The company seemed like a mirage. It listed three people—two Irishmen and a friend of David Cartu’s from Niagara Falls—as directors, but upon further investigation, none of them appeared to have anything to do with the operation of the company. (They had signed power-of-attorney documents that granted David directorship.) A lawyer representing a Dubai woman who’d lost $37,000 eventually tracked the firm to a low-rise building in Dublin, but when he showed up at the address unannounced in February of 2017, he discovered that it was a shared office space. The lawyer questioned the occupants, but none of them worked for Greymountain. He couldn’t have known that the Cartus, still operating out of Tel Aviv, employed a small Irish team at a one-room office 90 kilometres away from that Dublin low-rise, where they had processed more than $60 million in credit card payments. Many of the Cartus’ victims reached out to the only Greymountain contact they could find, a woman listed as the company’s administrative manager. In May of 2017, a man who had lost $315,000 wrote to her: “Please understand that my life has become unbearable; daily I am having stress; I can’t believe this is happening. These were all my savings for myself and my children. Please prove to me that all of this is not a scam.”

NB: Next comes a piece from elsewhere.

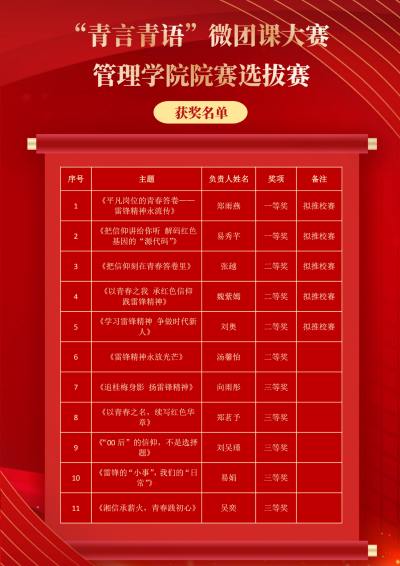 此次微团课大赛不仅为团员青年搭建了展示自我、传递信仰的平台,更推动雷锋精神在青年群体中落地生根、代代相传,激励广大团员青年以青春之我、奋斗之我,在新时代新征程中勇担使命、奋勇争先。
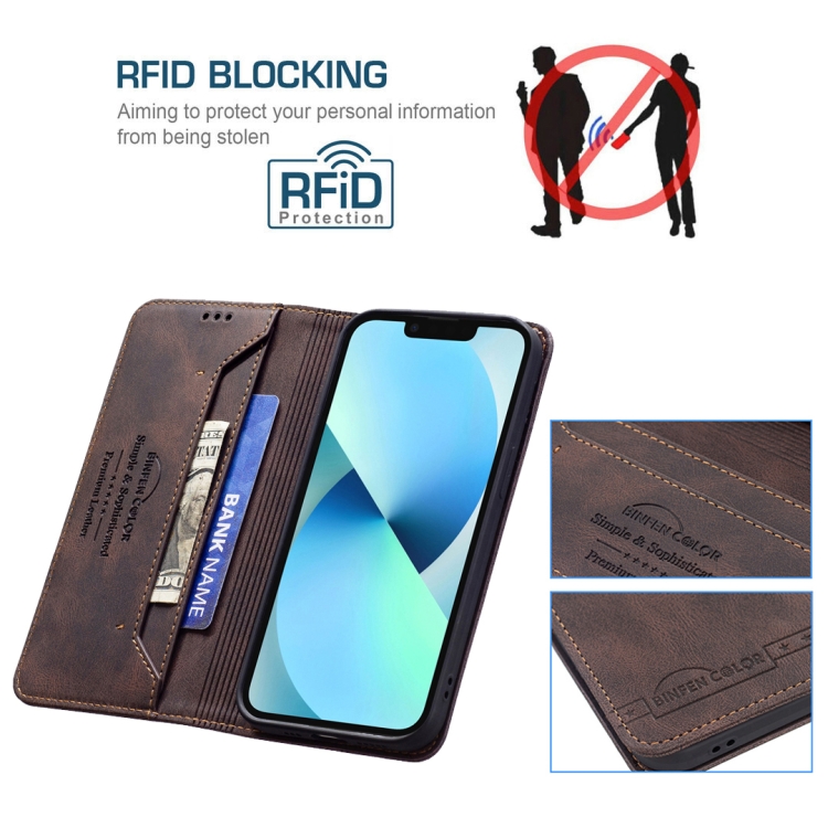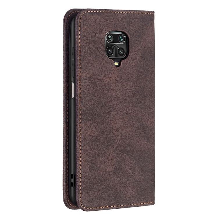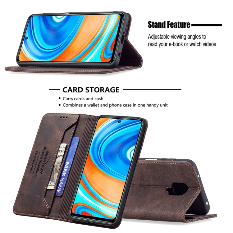 Para Xiaomi Redmi Note 9 Pro Max / Note 9 PRO / Note 9S Funda de cuero antirrobo de bloqueo RFID magnético con soporte y ranuras para tarjetas (marrón)

As victims sought answers and filed police reports, authorities in Canada, the US, Spain, England, Ireland, the United Arab Emirates and elsewhere launched investigations into the Cartu brands. The Irish Central Bank’s money laundering unit soon began to investigate why Greymountain, which wasn’t authorized to operate as a money-transmission business in Ireland, was processing such large and frequent credit card transactions. By 2017, investigative reporters from the Times of Israel had exposed Tel Aviv’s booming binary options industry, and Israeli politicians were talking about a ban. The brothers, sensing a crackdown, decided to wind down their operations. That July, David, using his real name, petitioned an Irish court to put Greymountain into insolvency. That gave investigators a valuable lead, a person of interest who could be linked to Josh and Jonathan and their dizzying web of companies. Then a whistle-blower from inside the Cartus’ Irish satellite office came forward to police, further advancing the case. Forensic auditors and seasoned securities investigators began to pull back layer after layer of obfuscation. As they closed in, David and Jonathan scrubbed their social media profiles and went underground. Jonathan reportedly sold his shares in the boiler room and built a luxury home in Ontario.
In October of 2017, the Israeli government finally banned firms from offering binary options to international clients, and securities regulators started shutting down brokerages. By then, the Cartus had already emptied out their call centres, taken down their sites and, according to investigators, transferred more than $27 million (US) out of Ireland and into their offshore accounts. While David was arguing before a judge that the company couldn’t pay its bills, Josh was posting photos of himself driving a $300,000 Ferrari from Riga to Mykonos in the Gumball. The rally complete, he flew to Kazakhstan to continue the party and do some falconry. He shared shots of himself sitting on a remote beach in the Pacific Islands, yachting in the Persian Gulf and crushing champagne in Miami. Then, in February of 2020, he disappeared, leaving victims to search through his feed for clues as to how their life savings were being spent.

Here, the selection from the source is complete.